Elle a permis aux hommes de science de déployer leurs travaux sans incident de frontière avec les moralistes ou les théologiens. Cette limitation nécessaire a installé l'homme de science dans une somme de confort intellectuel. En effet, le problème de l'usage des découvertes scientifiques est un problème éthique : il ne le concerne plus. Le devoir social de l'homme de science est d'accroître le patrimoine des connaissances humaines. Ce devoir s'arrête à la sortie du laboratoire. L'homme de science devient alors un homme de la rue, un citoyen comme les autres habitants de la planète, et rien ne l'autorise, sous peine d'abus de confiance, d'utiliser de son autorité d'homme de science pour imposer des vues éthiques ou métaphysiques qui appartiennent à des catégories étrangères à la science elle-même.

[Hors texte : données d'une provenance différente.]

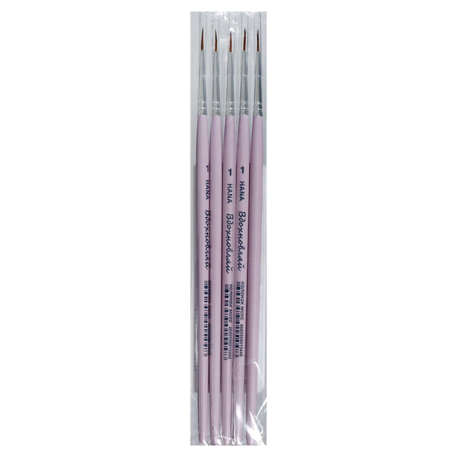 Кисть Колонок + Синтетика круглая, HANA Вдохновляй № 1 (длина волоса 9 мм), короткая ручка матовая

Il se trouve pourtant que le pouvoir sans mesure que la science donne aux hommes confère à l'activité de l'homme de science une dimension nouvelle. Comment répondre à cette situation nouvelle pour l'homme de science : comment échapper à un sentiment de responsabilité même indirecte ? "L'écharde du sentiment de culpabilité est implantée dans les consciences scientifiques" (R.P. Dubarle). Les formes d'engagement proposées jusqu'ici n'ont pas paru adaptées à la psychologie du scientifique. Des appels condamnant les bombes atomiques ont été lancés par des Prix Nobel prestigieux. Ces appels apparaissent essentiels pour l'éducation de la conscience universelle. Ils apparaissent comme la révolte de conscience scientifique et répondent à une exigence intérieure fondamentale des savants. Il se trouve pourtant que cette action a échoué. L'échec fut complet auprès des hommes de gouvernement car aucun de ces appels n'a empêché une bombe atomique d'éclater. L'échec fut complet auprès des hommes de science, car une infime minorité a adhéré à ce mouvement. Est-ce à dire que tous ceux qui ne se sont pas engagés ne rêvent que de la fin des humains ? Nullement. Lord Bertrand Russell propose d'entreprendre des marches de la paix dans les rues de Londres ; là encore cette agitation méritoire apparaît comme inadaptée aux problèmes gigantesques qu'elle voulait résoudre. La formule proposée par l'Institut de la Vie a obtenu l'adhésion des savants qui jusqu'ici avait refusé les autres formes d'engagement social.